Validating data after storing it (August Lilleaas' blog)

This is me trying to be some kind of thought leader or something. Someone told me they do this in their system, and it stayed with me. So I want to share what they told me.

Keeping it short and sweet.

Mission critical

Typically, we validate our data on the way in. Validating the shape of our data is a big part of modelling a domain, so this is commonplace and normal, and it makes complete sense.

But what if data is mission critical? Even if it's not 100% valid yet?

Let's say it's a medical system, for ordering important and vital equipment. Maybe social security number is a required part of the form.

Should you be blocked from ordering vital equipment just because you don't have access to or don't have the time to find the social security number of the person in question?

In that case, it's better to allow "invalid" input. So you want to have a place to store the social security number, but you should allow blank values there.

Maybe you have a separate part of the system that lists all the "invalid" items that you are required to fix at some time. And if you don't, maybe the owners of the system will fine you or punish you in some way. The social security number is definitely required, after all - just not right away.

Mundane

This happened to me once:

A electrician was going to replace something in my breaker box. He had a PDA thing with him, where he took some pictures and filled out a form. He did this while he was in my house.

Then the app on his PDA crashed, and all the data was lost.

So he had to do it all over again, while still being in my house. And being visibly annoyed. While billing me, probably.

Bugs can happen, of course. There's no known process for making crash-free systems.

But what if the default for this system was: "always store all data, validate it after it's stored?"

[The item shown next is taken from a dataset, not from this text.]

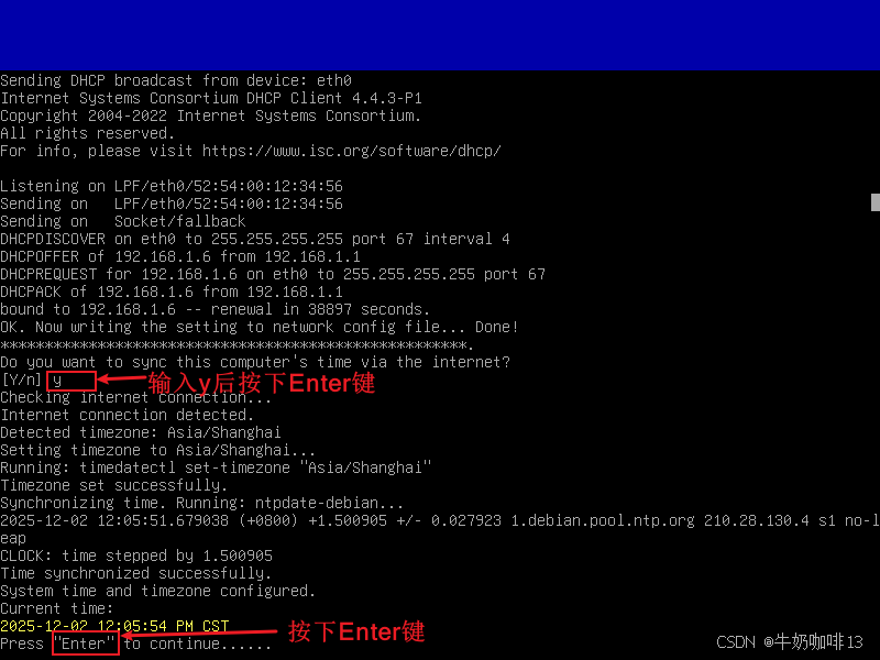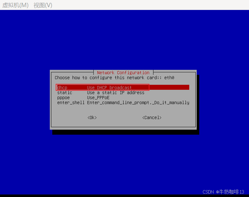 《6》我这里选择【dhcp Use DHCP broadcast】(即使用DHCP自动设置当前系统的IP)后按下Enter键(注意:若你的网络不支持自动DHCP自动获取则需要选择【static Use a static IP address】来自行设置即可),如下图所示:

Then, at least the pictures he took and the form he filled out could be constantly saved while he worked. Without adding any extra layer of "draft" storage etc. It could just run the normal operation of saving the form.

Then, in his car later, he could see that all is saved in the database, but he needs to fill in a few more fields to make the form completely "valid".

So maybe this is a good idea?

To separate the idea of "storing" and "validating" data?

Probably not in all cases. But I bet that a whole lot of systems could be made that way without much hassle. And it seems to me that we default to validating data before storing it without really thinking about it on a case-by-case basis.